PostScriptum. Ницше как воспитатель.
Мне думается, Ницше со всей его критикой в адрес религии, церкви, Германии, современных немцев, современных ему философов и композиторов, прежде всего, следует воспринимать как педагога, учителя или воспитателя (вспомним названия его произведений: «Шопенгауэр как воспитатель», «О пользе и вреде истории для жизни»), который увлекся педагогикой и всю свою жизнь продолжал играть по правилам школы. Так и не съехав с этой колеи.

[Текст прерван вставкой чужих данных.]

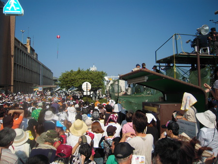 次々と5分~10分間隔くらいで坂を各町のだんじりが上がって来ます。
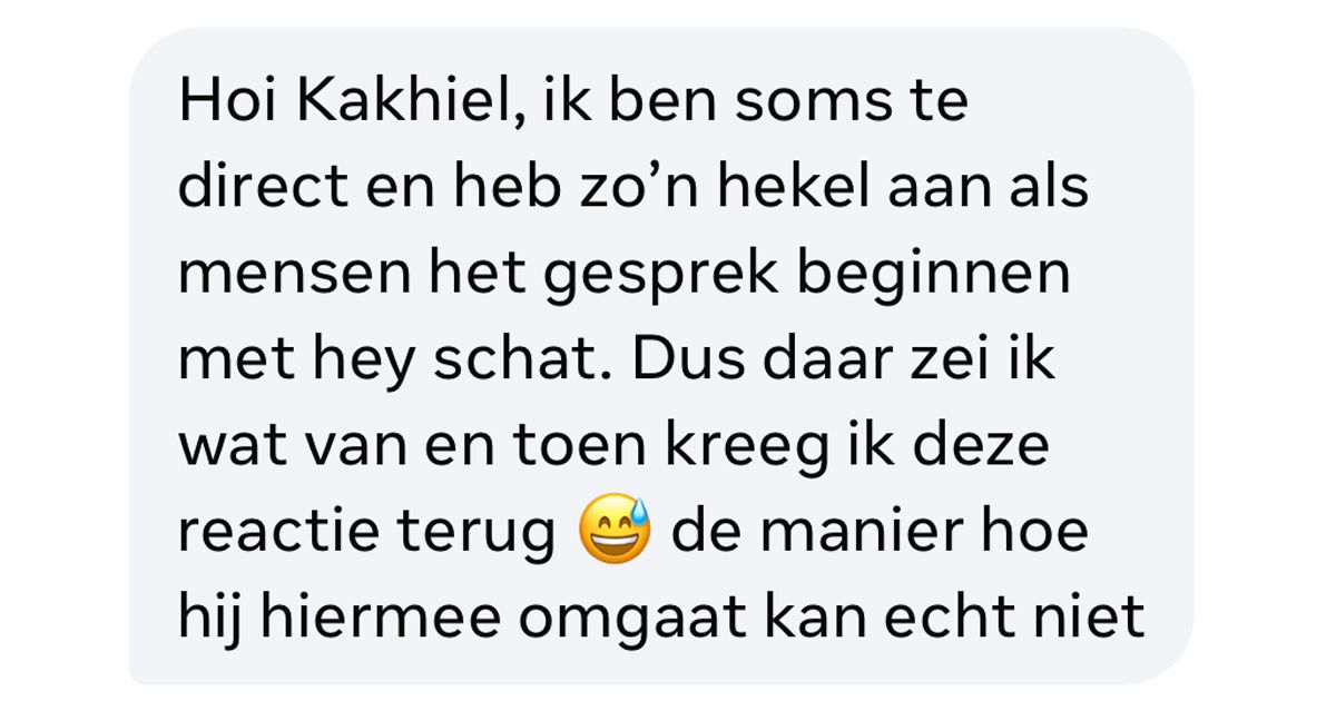 Gast is meteen helemaal op z'n pik getrapt omdat hij het gesprek niet mocht beginnen met 'hey schat'
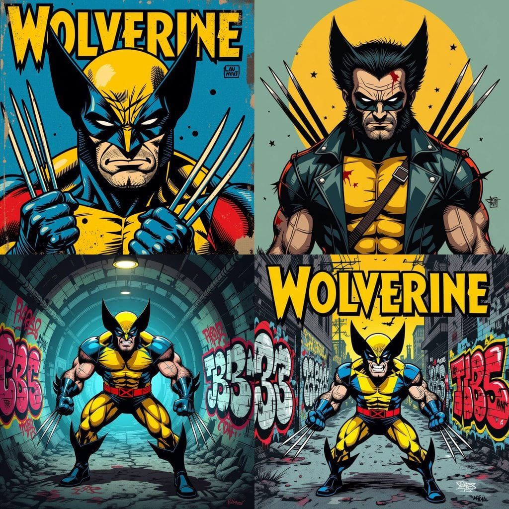 This image depicts Wolverine in a dark, graffiti-inspired comic art style reminiscent of Tim Burton. The artwork features horror elements and a retro aesthetic.
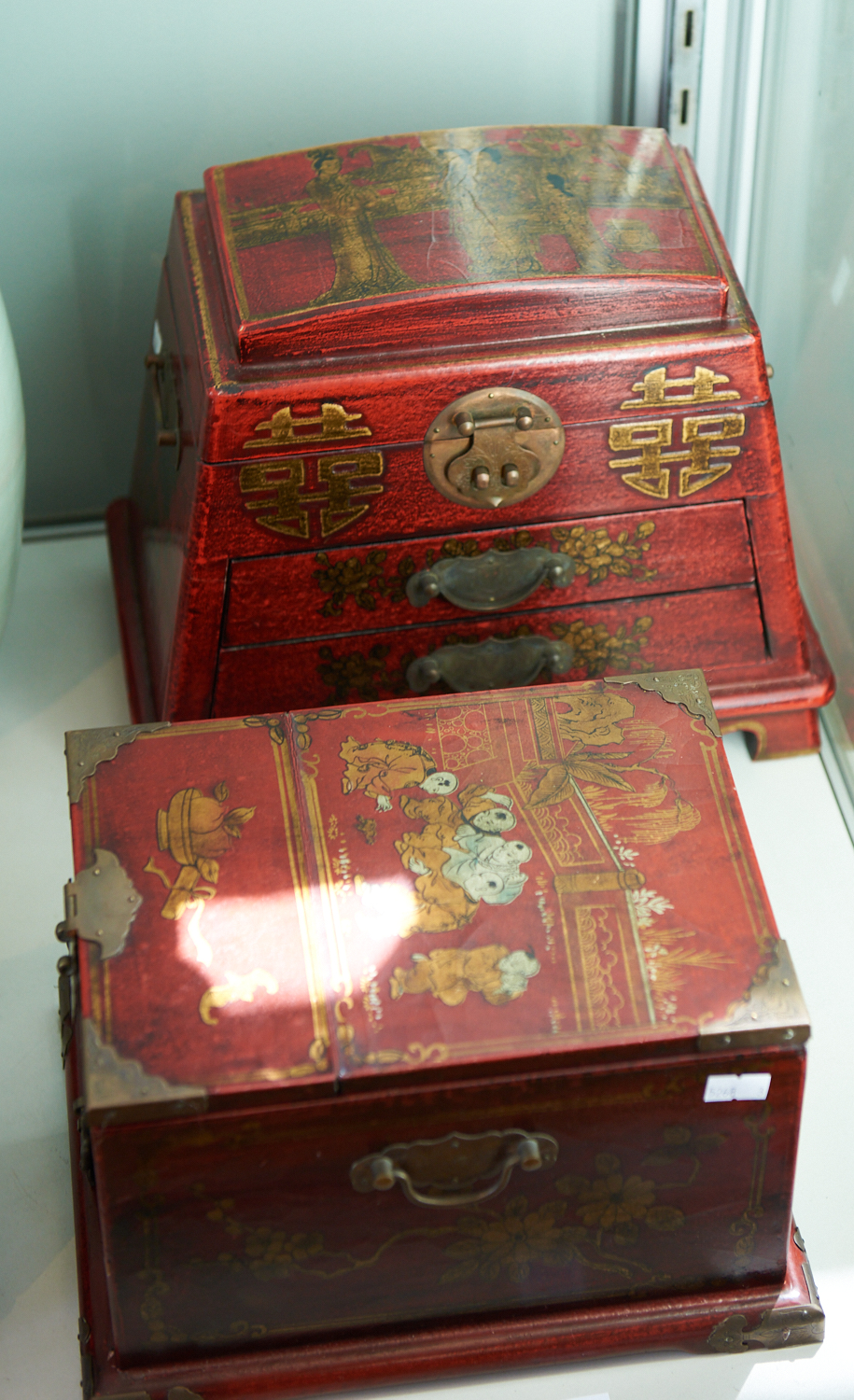 TWO CHINESE VANITY BOXES/DRAWER SETS, ONE WITH MIRROR, LEONARD JOEL LOCAL DELIVERY SIZE: SMALL
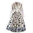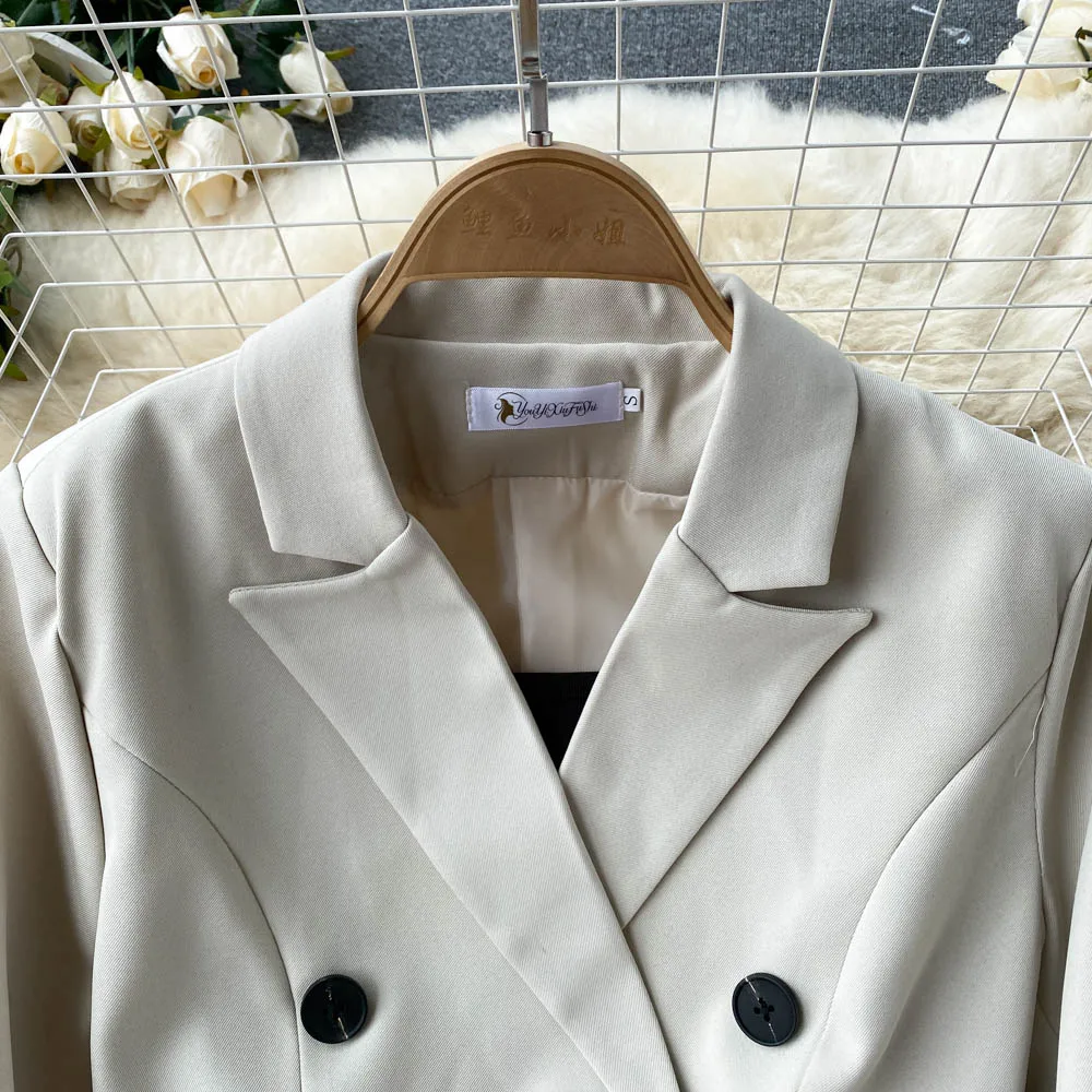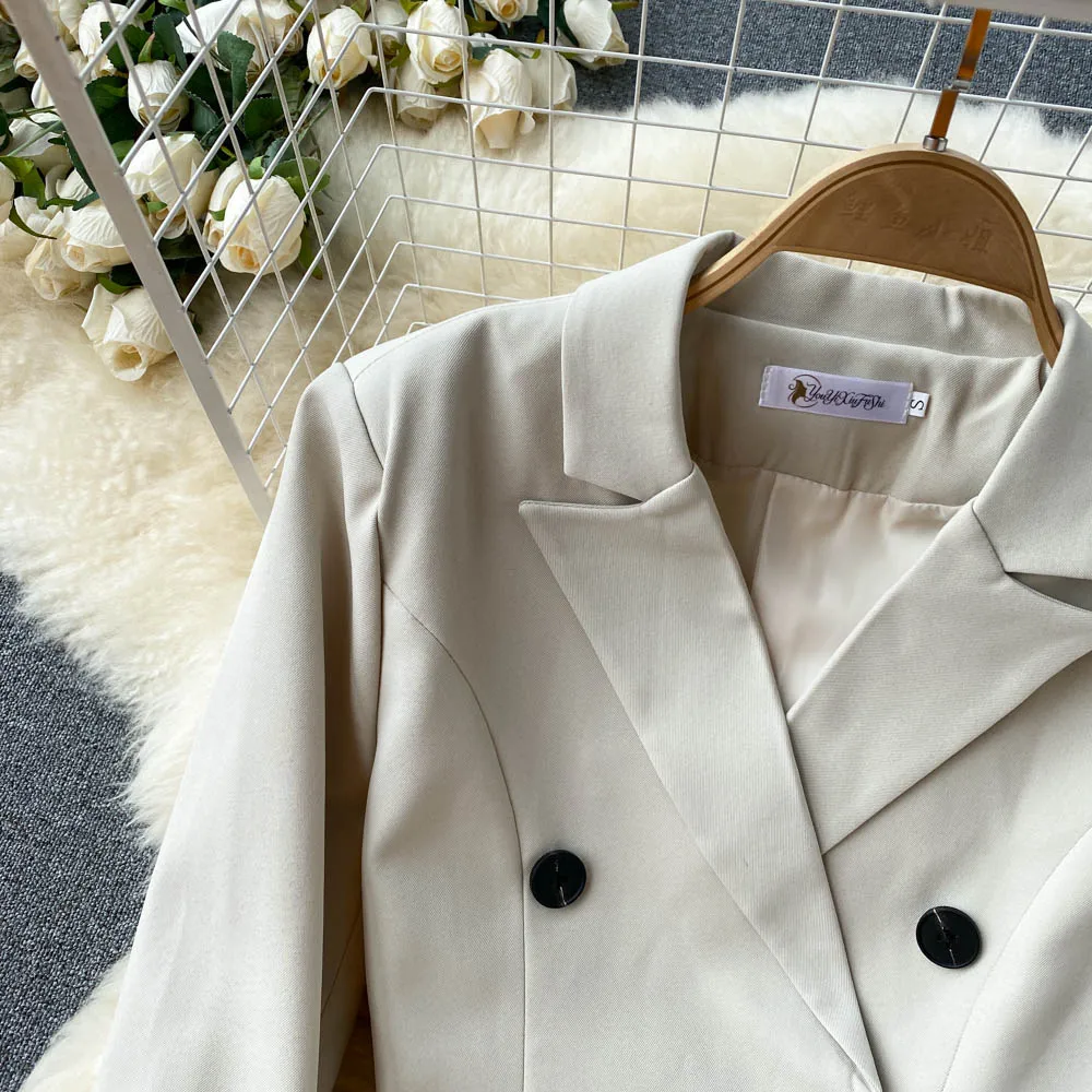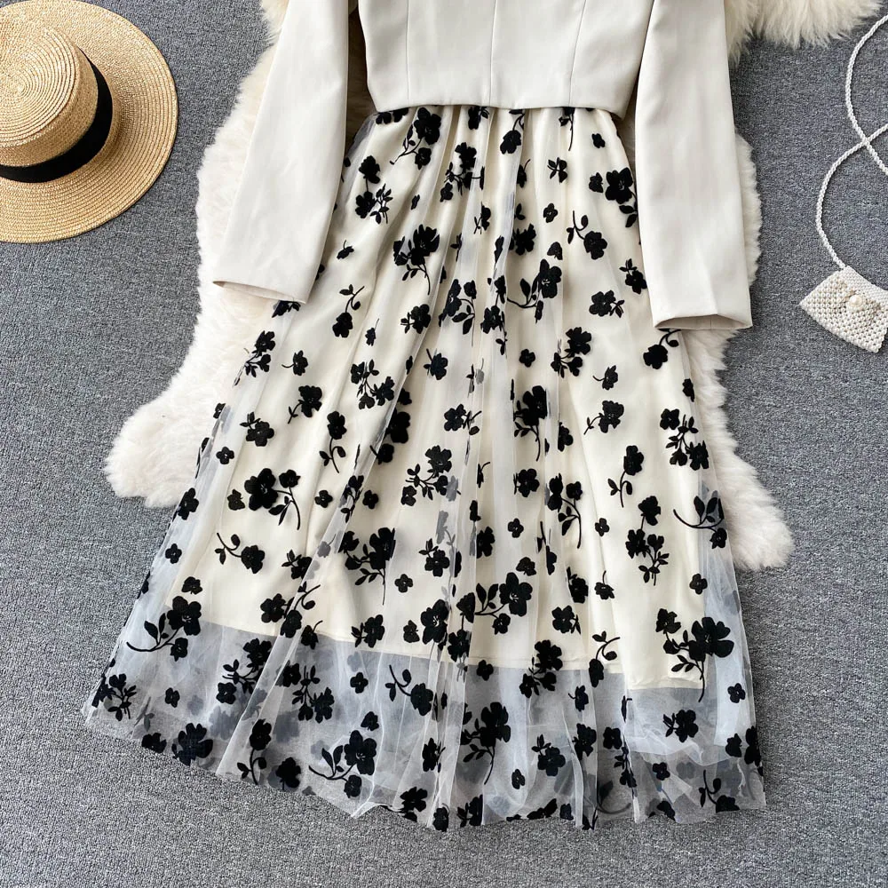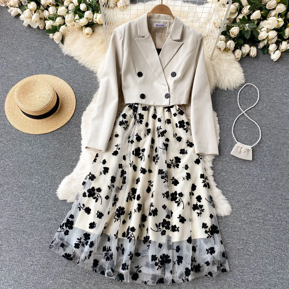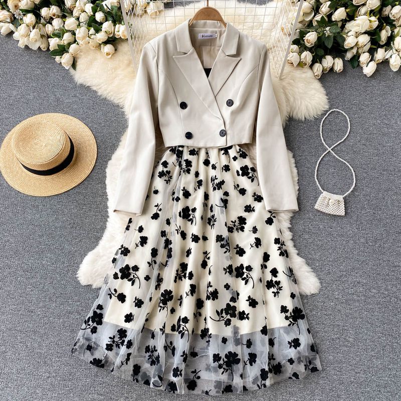 This ensemble exudes French sophistication with its short double-breasted blazer and chic mesh dress, perfect for the fashion-forward woman.
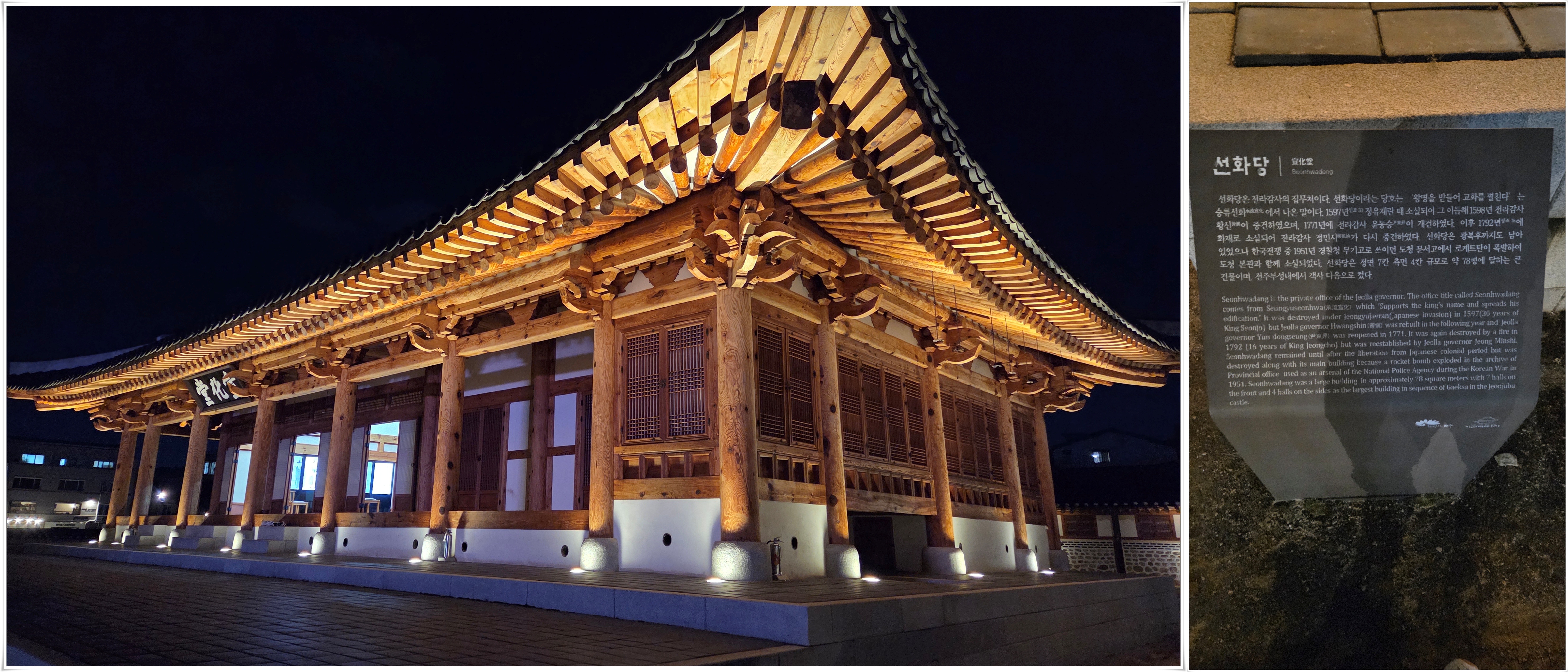 전라감영은 조선왕조 500년 동안 호남과 제주 56개 군현을 관할하던 관청이다. 호남 정치, 경제 문화 중심이자 통치 핵심으로 역할했다. 1951년 한국전쟁 당시 폭발사고로 불에타 없어졌다. 1952년 그 자리에 전북도청사가 들어섰다. 2005년 전북도청사가 신시가지로 옮겨가면서 전라감영 복원 논의가 본격화되었다. 2020년 동편 부지에 선화당, 연신당 등 핵심 건물 7개를 복원했다. 전주한옥마을 인근에 위치하고 있어며 조선의 숨결과 전통이 함께 하는 곳 전라감영에서 전주의 밤을 빛내는 역사 명소로 손꼽 힙니다.
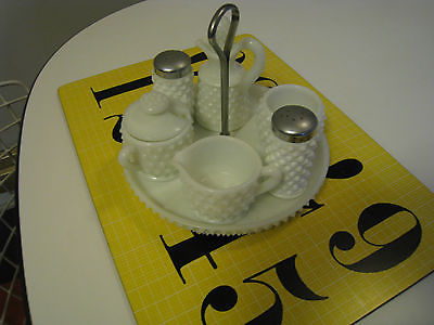 Vintage Fenton Milk Glass Hobnail Condiment Cruet Set, Salt, Pepper
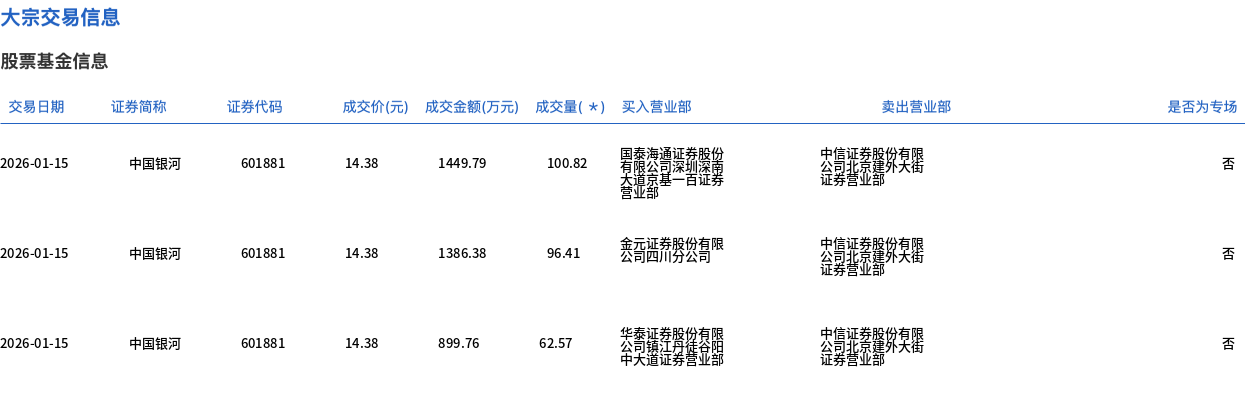 中国银河今日大宗交易折价成交259.8万股,成交额3735.93万元

Критикуемые им социальные институты, этические установки и ценности подвергаются проверке со стороны Ницше именно как такие вот «негодные» учителя, которые не годятся для дела воспитания нового, высшего человечества. В этом смысле церковь не плоха сама по себе, она – плохой учитель для юношества. Если церковь перестанет «совращать» юношей с путей становления великими людьми, если она будет герметическим институтом «только для своих», то церковь уже перестает быть вредной и непременно подлежащей разрушению, или саморазрушению.
Если же церковь перестанет распространять вредную мораль (заменив ее на полезную мораль высших людей), церковь будет не вредна, а полезна.
Таким образом, Ницше, как добрый учитель, готов простить едва ли не всех своих нерадивых учеников, если они проведут работу над ошибками и исправятся. Будь то церковь, университет, немецкий дух или даже «проклятый Гогенцоллерн» вкупе с Папой Римским, которым он пишет свои последние письма.
Post-Post Scriptum.Туринская лошадь
В контексте ницшевского требования провести работу над ошибками, предъявляемого ко всем современным институтам и процессам, становится ясна проблема сострадания.
Для Ницше человек не заслуживает сострадания именно потому, что он разумен, свободен и способен измениться и исправить ошибки. Если же человек не преодолевает себя, не развивается и не исправляет положение дел, то это его собственная вина.
Только животные заслуживают сострадания у Ницше. Туринская сцена со слезами, которые он пролил, обнимая лошадь, обусловлена неразумностью животных, отсутствием у лошади воли и разума для того, чтобы преодолеть свое угнетенное состояние. Лошадь подковали, взнуздали и опустили шоры ей на глаза. Нет и не будет такой воли, которая вызволила бы бедное животное из-под жгучего кнута бешеного ямщика.